#### ABOUT THIS TASK:
Starting at the line with "As soon as you" and going on through the line with "- Have a class", reproduce each line in the records below exactly and nothing more.

#### TASK INPUTS:
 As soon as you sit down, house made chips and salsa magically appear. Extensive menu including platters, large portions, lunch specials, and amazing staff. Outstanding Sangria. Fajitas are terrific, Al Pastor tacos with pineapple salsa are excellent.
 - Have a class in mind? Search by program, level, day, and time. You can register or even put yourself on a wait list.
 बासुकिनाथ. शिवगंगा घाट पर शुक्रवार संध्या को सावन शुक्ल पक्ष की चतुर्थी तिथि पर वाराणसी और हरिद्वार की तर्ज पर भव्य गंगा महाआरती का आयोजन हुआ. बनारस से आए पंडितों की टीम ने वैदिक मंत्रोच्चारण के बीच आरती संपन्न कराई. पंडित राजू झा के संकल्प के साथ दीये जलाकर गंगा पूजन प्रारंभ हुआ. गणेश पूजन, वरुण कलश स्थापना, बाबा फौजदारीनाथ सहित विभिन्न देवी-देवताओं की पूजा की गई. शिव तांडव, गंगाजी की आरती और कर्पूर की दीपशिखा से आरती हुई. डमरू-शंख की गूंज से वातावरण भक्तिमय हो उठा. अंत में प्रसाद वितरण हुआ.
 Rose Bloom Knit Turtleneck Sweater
* * *
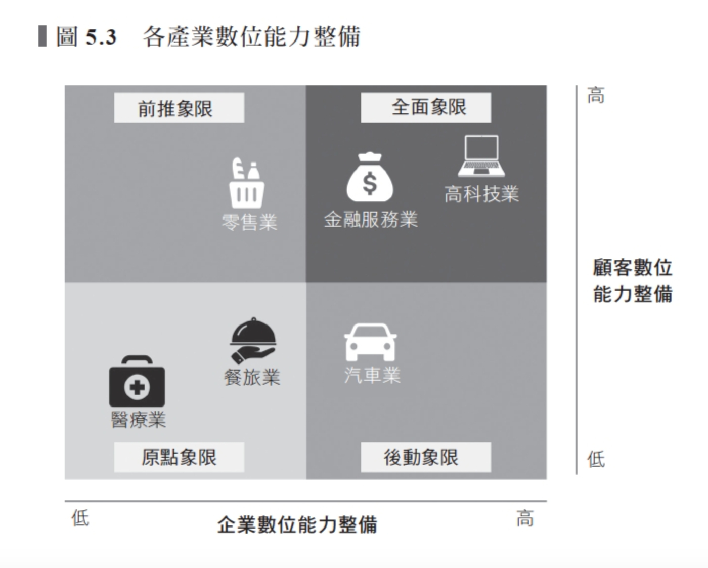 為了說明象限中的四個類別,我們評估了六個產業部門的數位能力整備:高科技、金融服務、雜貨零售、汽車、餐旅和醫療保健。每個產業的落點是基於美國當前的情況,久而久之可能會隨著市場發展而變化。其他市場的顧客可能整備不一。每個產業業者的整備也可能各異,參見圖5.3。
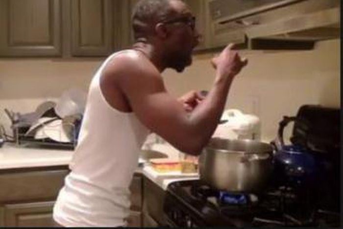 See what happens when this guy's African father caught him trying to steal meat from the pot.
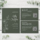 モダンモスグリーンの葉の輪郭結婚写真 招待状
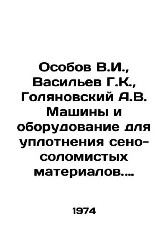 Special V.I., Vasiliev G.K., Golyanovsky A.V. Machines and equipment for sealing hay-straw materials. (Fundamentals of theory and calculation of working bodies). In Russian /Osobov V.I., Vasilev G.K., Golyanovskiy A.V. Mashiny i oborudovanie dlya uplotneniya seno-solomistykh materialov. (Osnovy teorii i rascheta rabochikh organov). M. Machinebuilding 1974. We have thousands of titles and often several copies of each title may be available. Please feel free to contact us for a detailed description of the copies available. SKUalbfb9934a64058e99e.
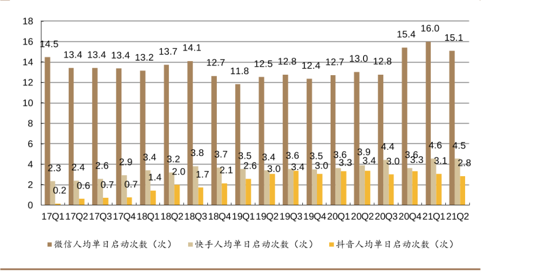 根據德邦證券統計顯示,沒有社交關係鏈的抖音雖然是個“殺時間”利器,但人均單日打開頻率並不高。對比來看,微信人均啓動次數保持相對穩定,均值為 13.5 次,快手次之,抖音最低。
==
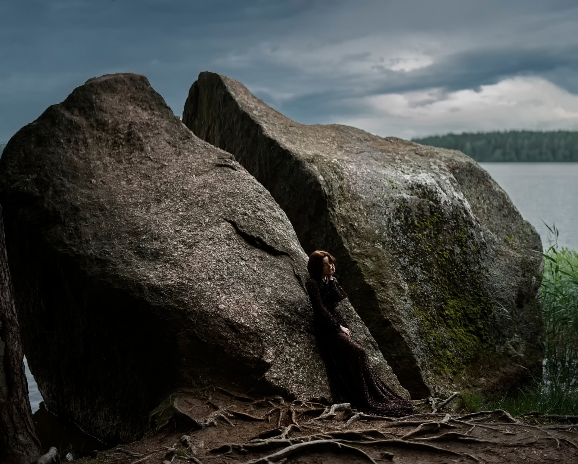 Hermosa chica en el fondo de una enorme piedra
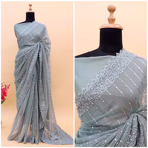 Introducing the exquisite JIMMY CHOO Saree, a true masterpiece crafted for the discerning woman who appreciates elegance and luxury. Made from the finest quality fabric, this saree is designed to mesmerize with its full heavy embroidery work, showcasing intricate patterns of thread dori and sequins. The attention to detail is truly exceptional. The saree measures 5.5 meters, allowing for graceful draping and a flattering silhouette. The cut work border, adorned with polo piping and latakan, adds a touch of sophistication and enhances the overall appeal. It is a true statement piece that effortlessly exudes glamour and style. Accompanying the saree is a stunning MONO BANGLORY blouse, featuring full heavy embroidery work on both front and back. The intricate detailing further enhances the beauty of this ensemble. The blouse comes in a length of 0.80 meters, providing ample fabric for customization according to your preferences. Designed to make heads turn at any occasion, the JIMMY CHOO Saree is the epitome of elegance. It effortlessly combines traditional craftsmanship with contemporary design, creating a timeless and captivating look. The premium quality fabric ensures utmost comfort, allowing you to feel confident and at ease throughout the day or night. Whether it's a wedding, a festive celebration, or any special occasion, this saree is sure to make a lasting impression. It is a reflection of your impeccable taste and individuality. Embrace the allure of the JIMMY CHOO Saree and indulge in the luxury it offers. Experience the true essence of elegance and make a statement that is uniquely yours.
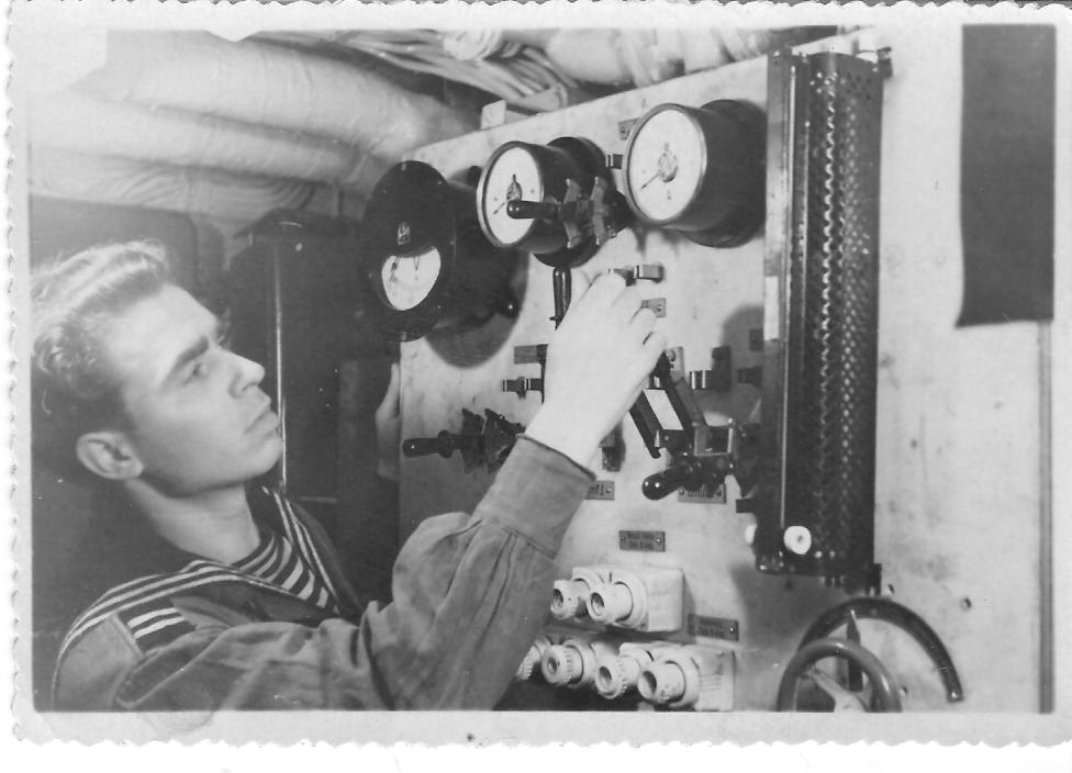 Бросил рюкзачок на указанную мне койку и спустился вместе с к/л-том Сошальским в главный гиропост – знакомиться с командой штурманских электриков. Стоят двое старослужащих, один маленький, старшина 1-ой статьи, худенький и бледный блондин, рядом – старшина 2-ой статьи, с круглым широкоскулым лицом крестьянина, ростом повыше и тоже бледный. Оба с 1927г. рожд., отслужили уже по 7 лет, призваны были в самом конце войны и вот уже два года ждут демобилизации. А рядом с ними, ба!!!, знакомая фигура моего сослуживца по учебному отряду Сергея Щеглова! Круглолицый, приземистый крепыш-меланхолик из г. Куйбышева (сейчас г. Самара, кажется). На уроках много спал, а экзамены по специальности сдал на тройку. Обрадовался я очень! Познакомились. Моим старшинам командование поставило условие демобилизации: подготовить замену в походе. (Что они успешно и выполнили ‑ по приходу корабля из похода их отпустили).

#### WRITTEN RESPONSE:
 As soon as you sit down, house made chips and salsa magically appear. Extensive menu including platters, large portions, lunch specials, and amazing staff. Outstanding Sangria. Fajitas are terrific, Al Pastor tacos with pineapple salsa are excellent.
 - Have a class in mind? Search by program, level, day, and time. You can register or even put yourself on a wait list.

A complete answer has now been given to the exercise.